21th of November, 2021
- figtreevic

- Nov 23, 2021
- 2 min read
Dear friend,
These past two days studying at an atelier were, as you said they would be, incredible.
It's really impressive how much you can learn only by observing a real master working in their art. The hand movements, the rush, or even the strength they touch the canvas with their brush. All these details there are so hard to get when you are just watching an online class or even from instructional art books.
Said that I must say as well that I'm really happy that writing, and not painting, is my art.
And there is nothing to do with the painting itself. For times I wished to be a master of painting, I really did, but I lack the technique and talent for that, and if Flaubert was right when he said that talent is a long patience, so it is even worse, I would lack three things instead of two.
I learned a lot in the past two days, and for my relief, I found at the atelier, the solution for the problems and mistakes that I was making at home when trying to paint.
Who would have thought that the slight change in the brush's bent could have such extraordinary effects of transforming densely mixed cores into feathers that not only modify the drawing but give it a kind of essence of its own, as if for a second, by a stroke placed in the right place, life stopped for a few moments in the image and recognized itself in it.

And that's here, dear friend, we artists get lost. All of us, of all types, painters, writers, sculptors, poets, everyone from the lowest to the highest grade, from apprentice to master, are equally seduced by the opportunity to capture that moment where art holds life.
We feel it, don't we? We feel that it is within our reach.
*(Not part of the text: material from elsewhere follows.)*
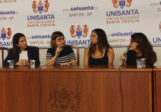 A mediação foi realizada pela professora de Jornalismo Raquel Alves, que também participa do encontro como representante do Chega! – Observatório Unisanta de Violência contra a Mulher.

We just need to change one or two things.
We foolishly believe that the desired perfection is found in the next word we try instead of the one already chosen. We believe that beauty is right there, after one more retouch, one more brushstroke on that face that until moments ago seemed so beautiful. And then suddenly we also feel that something profoundly essential has shifted. That feeling of closeness to life became a little more opaque. And what do we do? Shall we stop there? Never! Never!
We are even more sure that the third word chosen will synthesize everything we wanted to say before! That a darker color this time will highlight the shadows that will give the feeling to that portrait's empty eyes! And from then on, we sink deeper and deeper when we don't realize that the beauty and life resided in our work before precisely because of the simplicity they had.
They say that the devil dwells in the details, and the details, being most often ornaments, are not essential to good work, whatever it may be.